* **RECORDS SUPPLIED**
BEGIN

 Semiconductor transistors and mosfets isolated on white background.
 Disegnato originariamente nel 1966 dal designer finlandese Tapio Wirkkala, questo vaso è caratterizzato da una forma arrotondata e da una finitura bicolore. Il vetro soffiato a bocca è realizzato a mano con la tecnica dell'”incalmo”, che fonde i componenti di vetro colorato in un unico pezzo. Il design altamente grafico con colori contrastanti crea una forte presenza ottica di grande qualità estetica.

END
BEGIN

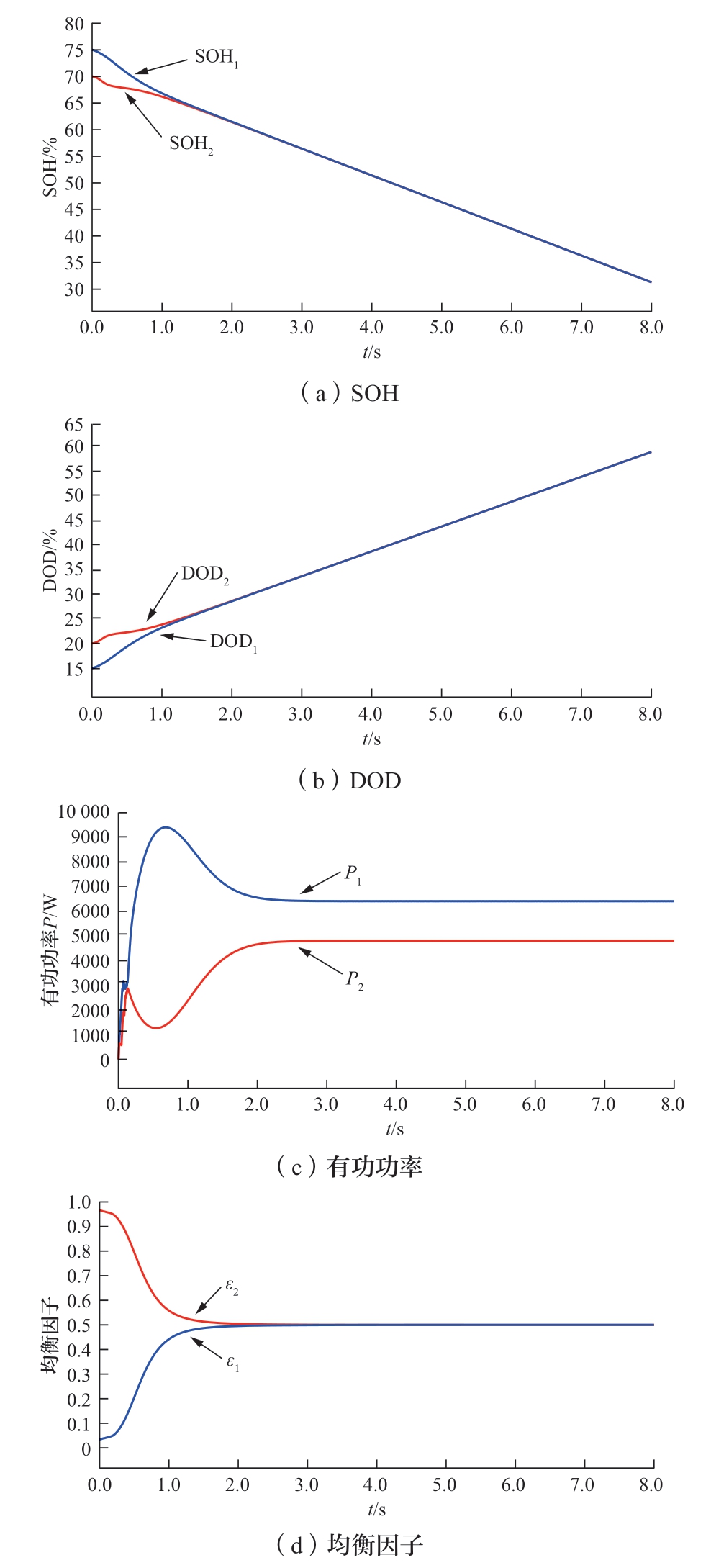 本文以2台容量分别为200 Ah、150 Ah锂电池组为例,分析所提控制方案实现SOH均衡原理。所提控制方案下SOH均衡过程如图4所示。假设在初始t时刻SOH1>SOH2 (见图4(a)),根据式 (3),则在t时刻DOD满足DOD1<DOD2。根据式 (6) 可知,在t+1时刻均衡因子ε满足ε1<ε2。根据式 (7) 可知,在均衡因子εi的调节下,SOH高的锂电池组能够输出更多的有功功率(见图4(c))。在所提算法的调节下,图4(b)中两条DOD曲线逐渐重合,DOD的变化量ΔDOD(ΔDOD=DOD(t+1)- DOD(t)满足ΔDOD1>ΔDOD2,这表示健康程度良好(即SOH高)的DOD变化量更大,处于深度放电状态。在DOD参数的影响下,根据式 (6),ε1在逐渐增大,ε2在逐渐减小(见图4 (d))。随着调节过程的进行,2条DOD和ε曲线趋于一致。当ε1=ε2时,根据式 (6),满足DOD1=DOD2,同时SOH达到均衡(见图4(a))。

END
BEGIN

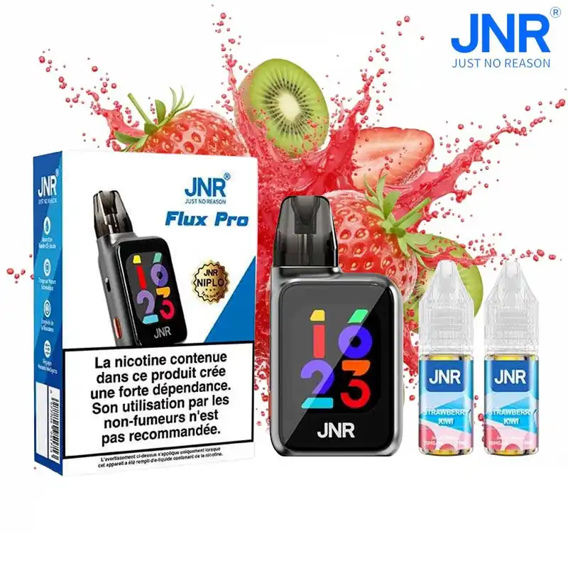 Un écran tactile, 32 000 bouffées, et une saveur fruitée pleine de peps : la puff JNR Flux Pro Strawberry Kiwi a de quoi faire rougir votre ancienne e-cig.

END

* **WORK REQUEST**
The lines above starting at the one that contains "Semiconductor transistors and" and ending at the one that contains "Disegnato originariamente nel" must be transcribed exactly, and no other lines may appear.

* **EXERCISE ANSWER**
 Semiconductor transistors and mosfets isolated on white background.
 Disegnato originariamente nel 1966 dal designer finlandese Tapio Wirkkala, questo vaso è caratterizzato da una forma arrotondata e da una finitura bicolore. Il vetro soffiato a bocca è realizzato a mano con la tecnica dell'”incalmo”, che fonde i componenti di vetro colorato in un unico pezzo. Il design altamente grafico con colori contrastanti crea una forte presenza ottica di grande qualità estetica.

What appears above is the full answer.